Location
- 43°00′58″N 141°22′20″E﻿ / ﻿43.01598°N 141.37217°E

Information
- School type: Private
- Established: 1958
- Colors: Kelly Green and White
- Mascot: Husky
- Website: https://www.his.ac.jp/

= Hokkaido International School =

The Hokkaido International School (HIS) (北海道インターナショナルスクール, Hokkaidō Intānashonaru Sukūru) is a private U.S Department of State-Assisted American PreK-12 boarding school in Hokkaido. It was founded in 1958 as Hokkaido American School, and adopted its current name in 1962.

Its main campus, HIS Sapporo, is in Toyohira-ku, Sapporo. The campus has approximately 180 to 220 students. The school runs the International Primary Curriculum in the elementary school (Early Years to grade 5) the follow on International Middle Years Program in grades 6~8 and the American AP (Advanced Placement) program in the high school.
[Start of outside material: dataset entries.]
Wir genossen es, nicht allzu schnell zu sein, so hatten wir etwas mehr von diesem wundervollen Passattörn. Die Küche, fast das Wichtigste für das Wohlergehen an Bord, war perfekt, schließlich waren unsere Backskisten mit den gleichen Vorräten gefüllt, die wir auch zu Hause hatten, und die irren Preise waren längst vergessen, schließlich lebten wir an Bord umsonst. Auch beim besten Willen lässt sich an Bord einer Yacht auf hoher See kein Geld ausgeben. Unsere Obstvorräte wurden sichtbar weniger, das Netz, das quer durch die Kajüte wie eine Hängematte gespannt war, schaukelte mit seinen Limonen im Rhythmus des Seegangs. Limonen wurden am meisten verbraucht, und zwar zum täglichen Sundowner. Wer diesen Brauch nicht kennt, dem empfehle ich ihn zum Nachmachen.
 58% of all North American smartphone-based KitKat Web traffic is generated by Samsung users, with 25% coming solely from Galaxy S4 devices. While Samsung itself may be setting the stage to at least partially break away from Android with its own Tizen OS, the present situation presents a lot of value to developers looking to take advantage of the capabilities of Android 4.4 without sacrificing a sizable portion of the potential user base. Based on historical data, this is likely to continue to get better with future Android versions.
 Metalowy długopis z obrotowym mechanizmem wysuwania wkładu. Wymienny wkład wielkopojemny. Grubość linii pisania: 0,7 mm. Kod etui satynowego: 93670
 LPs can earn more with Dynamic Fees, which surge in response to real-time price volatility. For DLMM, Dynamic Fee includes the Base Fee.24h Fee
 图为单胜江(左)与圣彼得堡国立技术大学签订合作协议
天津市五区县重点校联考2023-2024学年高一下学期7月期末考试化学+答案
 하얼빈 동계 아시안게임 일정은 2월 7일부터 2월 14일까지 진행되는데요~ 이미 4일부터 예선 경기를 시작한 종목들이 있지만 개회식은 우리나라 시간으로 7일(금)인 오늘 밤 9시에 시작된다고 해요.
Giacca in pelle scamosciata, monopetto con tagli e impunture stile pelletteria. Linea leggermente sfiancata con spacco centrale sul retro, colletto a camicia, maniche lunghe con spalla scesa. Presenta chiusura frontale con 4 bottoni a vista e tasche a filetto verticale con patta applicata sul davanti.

The institution is accredited by the Western Association of Schools and Colleges.

The school has a branch elementary school campus in Niseko, Hokkaido, Hokkaido International School in Niseko (HIS Niseko), that opened on January 23, 2012. The two campuses are the sole English-language international schools in Hokkaido, besides small ones.

==Campus==
Hokkaido International School's main campus is located in the neighborhood of Sumikawa Station on the Namboku Line of the city's subway system. The campus consists of a co-educational dormitory composed of both genders, a soccer field, basketball court, and a 4-story main block. The first and second levels of the school contain the institution's offices and elementary program classrooms, the third floor is dedicated to middle and high school classrooms, and the school's library and the computer lab. The fourth floor houses the gym.

==Dormitory==
Hokkaido International School's dormitory is located on campus. It is a co-educational dormitory, housing up to 40 students from grades 8-12.

The Dormitory also is the current practicing area for the school's jazz band classes.